*Collected data:*
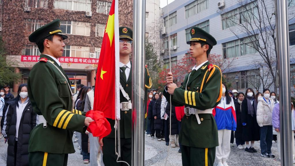 上午7:00,仪式开始。国旗护卫队迈着整齐有力的步伐,将国旗护送至升旗台。在庄严的国歌声中,国旗缓缓升起,全体人员肃立注目。仪式过后,学生代表2023级VR2班孟凡毅在国旗下发言,号召同学们要认真学习宪法知识,增强法治观念,提高法律意识,自觉遵守法律法规。随后他作为领学人,带领全体人员开展了国旗下的“宪法晨读”活动,与全体师生一起跟读宪法部分条款。
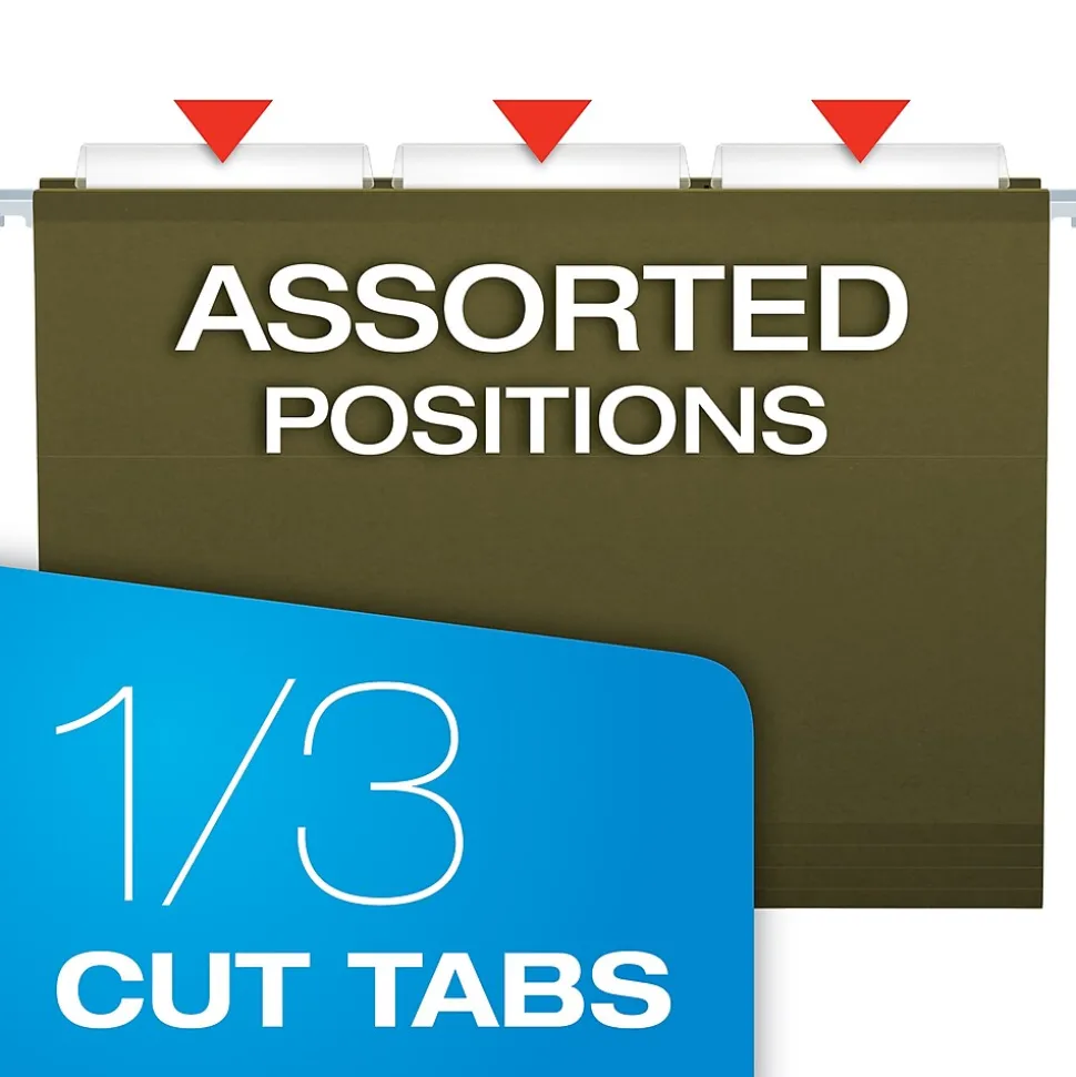 Organize documents with these hanging file folders. These folders feature special strips on their edges to guard against tearing. The interiors of these folders have a lighter color than their exteriors, which helps prevent documents from being misfiled. Each box of Pendaflex reinforced hanging file folders comes with a label sheet and tabs to help users separate their items.
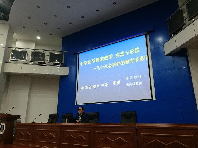 张勇校长做了题为“中学化学课堂教学:应然与实然”的专题学术报告。张校长以几个社会事件为切入点,引入报告主题。整个报告分为课堂文化建构、问题解决路径以及心理结构与表征三部分。首先张校长以自身的生活经历引入化学课堂教学中的问题,继而提出了“教育要走向文化,使每个人成为有品位的人”的观点。同时,张老师从教学理念与教育价值方面阐述了如何在课堂中更好地促进化学知识教学。最后,张老师以布鲁姆的目标分类理论为依据,对当前课堂教学实施现状发表了自己的观点,阐述了中国学生应该如何发展核心素养。报告会后张老师与在场师生进行了交流互动,耐心解答了大家的问题。

*Task instructions:* Write out the listing again word for word, but without its pictures.

*Your response:*
 上午7:00,仪式开始。国旗护卫队迈着整齐有力的步伐,将国旗护送至升旗台。在庄严的国歌声中,国旗缓缓升起,全体人员肃立注目。仪式过后,学生代表2023级VR2班孟凡毅在国旗下发言,号召同学们要认真学习宪法知识,增强法治观念,提高法律意识,自觉遵守法律法规。随后他作为领学人,带领全体人员开展了国旗下的“宪法晨读”活动,与全体师生一起跟读宪法部分条款。
 Organize documents with these hanging file folders. These folders feature special strips on their edges to guard against tearing. The interiors of these folders have a lighter color than their exteriors, which helps prevent documents from being misfiled. Each box of Pendaflex reinforced hanging file folders comes with a label sheet and tabs to help users separate their items.
 张勇校长做了题为“中学化学课堂教学:应然与实然”的专题学术报告。张校长以几个社会事件为切入点,引入报告主题。整个报告分为课堂文化建构、问题解决路径以及心理结构与表征三部分。首先张校长以自身的生活经历引入化学课堂教学中的问题,继而提出了“教育要走向文化,使每个人成为有品位的人”的观点。同时,张老师从教学理念与教育价值方面阐述了如何在课堂中更好地促进化学知识教学。最后,张老师以布鲁姆的目标分类理论为依据,对当前课堂教学实施现状发表了自己的观点,阐述了中国学生应该如何发展核心素养。报告会后张老师与在场师生进行了交流互动,耐心解答了大家的问题。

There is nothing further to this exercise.